Skulpturen und Brunnen
Im gesamten Stadtgebiet sind unterschiedlichste Werke zu sehen. Die vielleicht klassischste und traditionellste steht direkt neben dem Rathaus am Ufer der Rodau. Der „Müllerborsch“ erinnert die Einwohnerinnen und Einwohner, aber auch die Gäste der Stadt an das jahrhundertealte Mühlenhandwerk, das noch heute mit der Tradition des „Müllerborsch“ fest in der Mühlheimer Seele verankert ist. Im Jahre 2000 konnte die Statue, dank einer großzügigen finanziellen Unterstützung durch die Sparkasse Langen-Seligenstadt, neben dem Rathaus aufgestellt werden, wo sie noch heute Jung und Alt erfreut.

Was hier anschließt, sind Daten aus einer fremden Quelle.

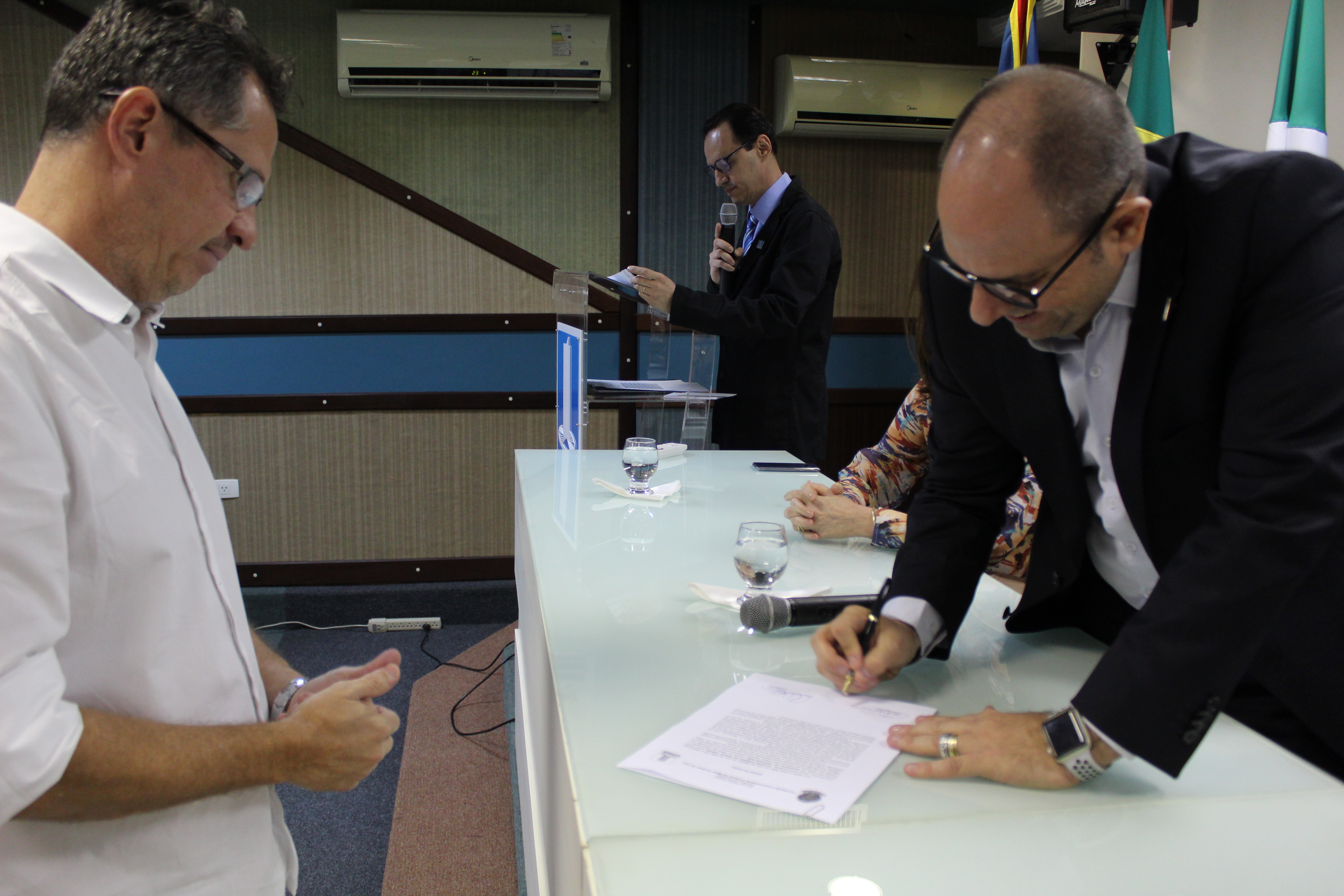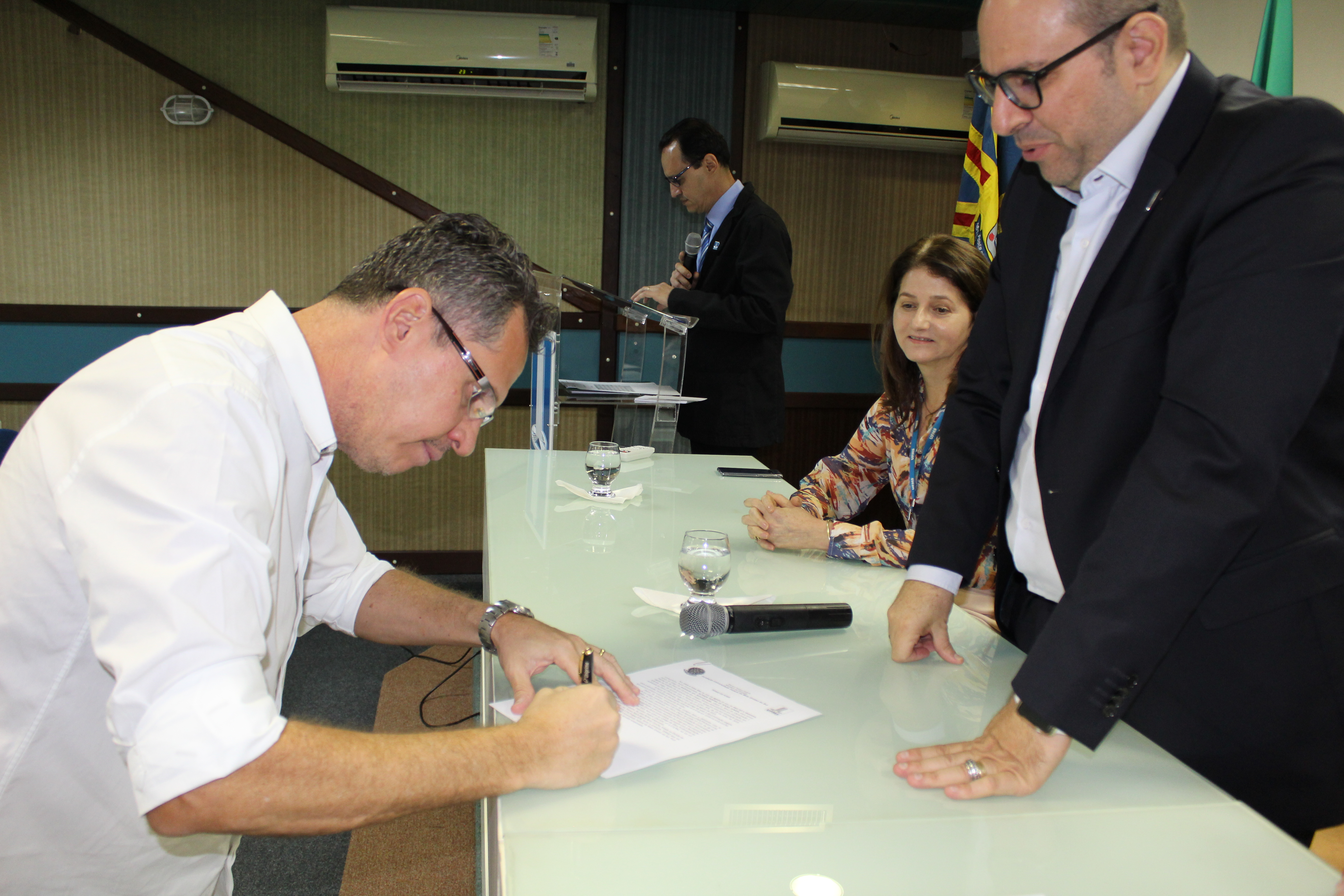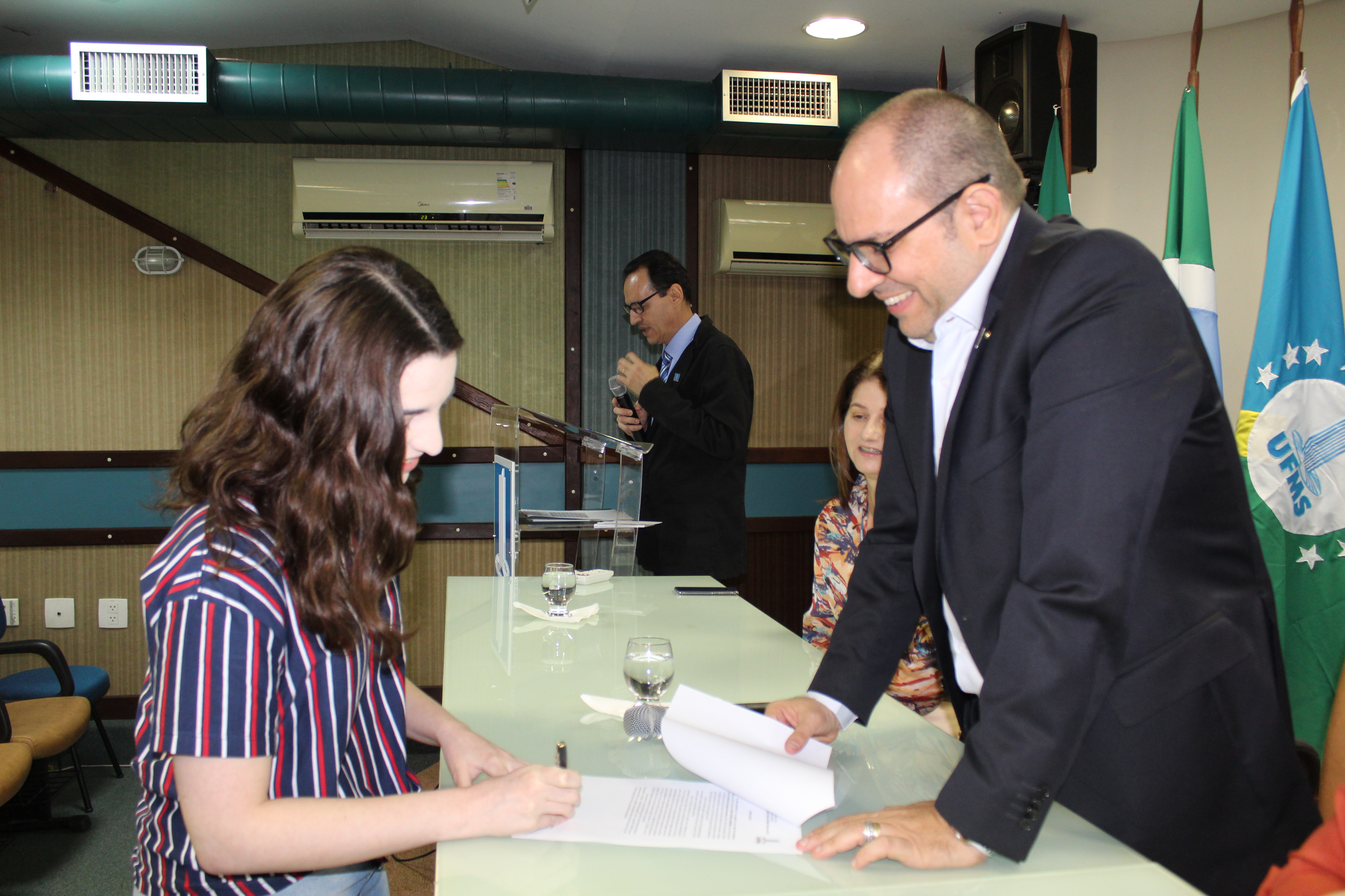 Nesta quinta-feira (29), o reitor Marcelo Turine deu posse a sete novos servidores, sendo dois no cargo de técnico administrativo (classe D), Altidor Pereira de Sousa Junior e Maik Oliveira Silva; quatro no cargo de técnico administrativo (classe E), Fernando Delapria, Cristiane Bruno Cabral, Bruna Diniz Rios e Ingrid Ferreira Curimbaba, e uma no cargo de professor adjunto A, Dulceli de Lourdes Tonet Estacheski. Participaram da cerimônia, na Sala de Atos da Reitoria, as pró-reitoras Ana Rita Barbieri (Proaes), Dulce Tristão (Proplan) e Gislene Walter da Silva (Progep, em exercício), além de técnicos, amigos e familiares.

Etwas moderner und expressionistischer präsentiert sich die Springbrunnenanlage im Rathausinnenhof. Der Brunnen wurde seinerzeit von Inge Hagner gestaltet und 1983 fertiggestellt. Seitdem bildet er das Herzstück des kreisrund angelegten Gebäudekomplexes. In verschiedenen Höhen treten die metallenen Wellenkörper aus dem roten Pflaster des Innenhofs hervor. Gerade im Sommer, wenn die Bäume ringsum in voller Pracht stehen, ergibt sich aus Sicht des Rathauses, aber auch beim bloßen Passieren, reichlich Gelegenheit zum Innehalten und Staunen.
Ebenso modern und expressionistisch muten die Skulpturen von Michael Tresser daher. In den Außenbereichen einer Wohnanlage an der Schillerstraße tummeln sich Schlange, Fisch und „Kobold“ und setzen verspielte und heitere Akzente. In seinen Figuren finden sich die Themen Natur, Umwelt und kindliche Unbeschwertheit wieder.
Auf einer kleinen Erhebung rechts der Fährenstraße in Richtung Main findet sich mit Blick auf die aufgehende Sonne ein Phoenix. Die Bronzeskulptur geht zurück auf den italienischen Künstler Gabriele Renzullo und wurde von einer Stiftung der Mühlheimer Eheleute Hilde Marie und Georg Rau gespendet.